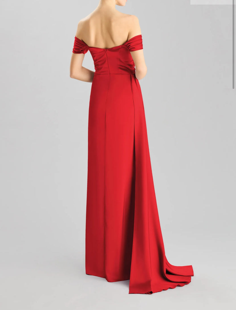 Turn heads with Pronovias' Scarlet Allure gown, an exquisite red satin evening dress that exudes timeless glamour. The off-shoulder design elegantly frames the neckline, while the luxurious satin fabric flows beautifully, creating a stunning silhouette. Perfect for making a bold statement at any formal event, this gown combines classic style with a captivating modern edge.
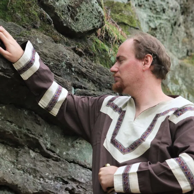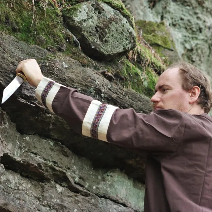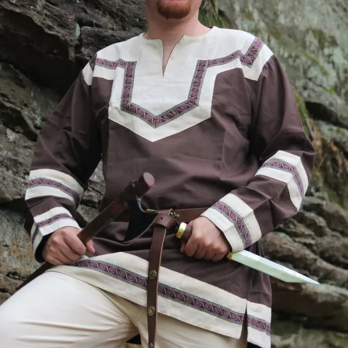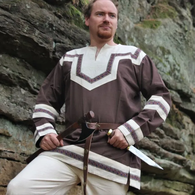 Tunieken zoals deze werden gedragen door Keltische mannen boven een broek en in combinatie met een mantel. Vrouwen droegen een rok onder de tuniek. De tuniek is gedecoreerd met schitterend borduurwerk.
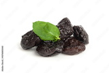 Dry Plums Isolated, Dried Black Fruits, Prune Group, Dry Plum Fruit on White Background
* * *
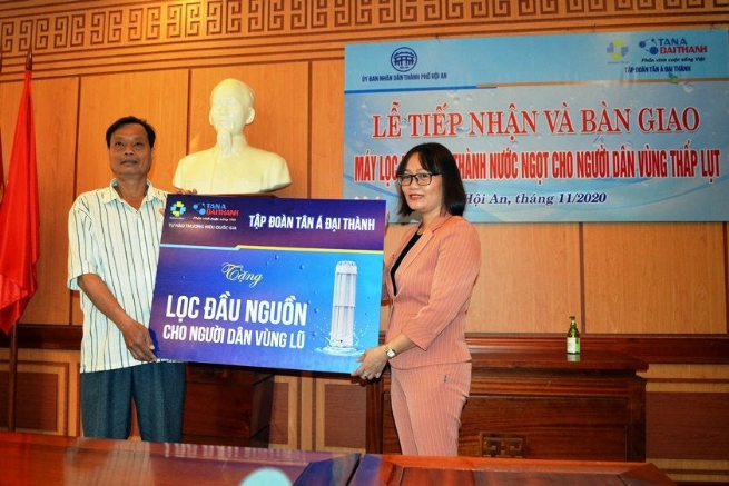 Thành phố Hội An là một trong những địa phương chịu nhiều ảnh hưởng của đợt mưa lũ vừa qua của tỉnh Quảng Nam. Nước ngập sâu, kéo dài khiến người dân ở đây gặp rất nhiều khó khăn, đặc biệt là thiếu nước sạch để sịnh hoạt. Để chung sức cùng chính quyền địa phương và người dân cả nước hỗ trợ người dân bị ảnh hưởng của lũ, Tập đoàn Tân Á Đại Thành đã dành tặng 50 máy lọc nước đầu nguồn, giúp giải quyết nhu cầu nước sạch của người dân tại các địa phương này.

- **WHAT TO WORK ON**
When copying from the data above, print only the lines from the line containing "Turn heads with" to the line containing "Dry Plums Isolated, Dried", exactly, and leave the pictures out.

- **RESPONSE TO THIS TASK**
 Turn heads with Pronovias' Scarlet Allure gown, an exquisite red satin evening dress that exudes timeless glamour. The off-shoulder design elegantly frames the neckline, while the luxurious satin fabric flows beautifully, creating a stunning silhouette. Perfect for making a bold statement at any formal event, this gown combines classic style with a captivating modern edge.
 Tunieken zoals deze werden gedragen door Keltische mannen boven een broek en in combinatie met een mantel. Vrouwen droegen een rok onder de tuniek. De tuniek is gedecoreerd met schitterend borduurwerk.
 Dry Plums Isolated, Dried Black Fruits, Prune Group, Dry Plum Fruit on White Background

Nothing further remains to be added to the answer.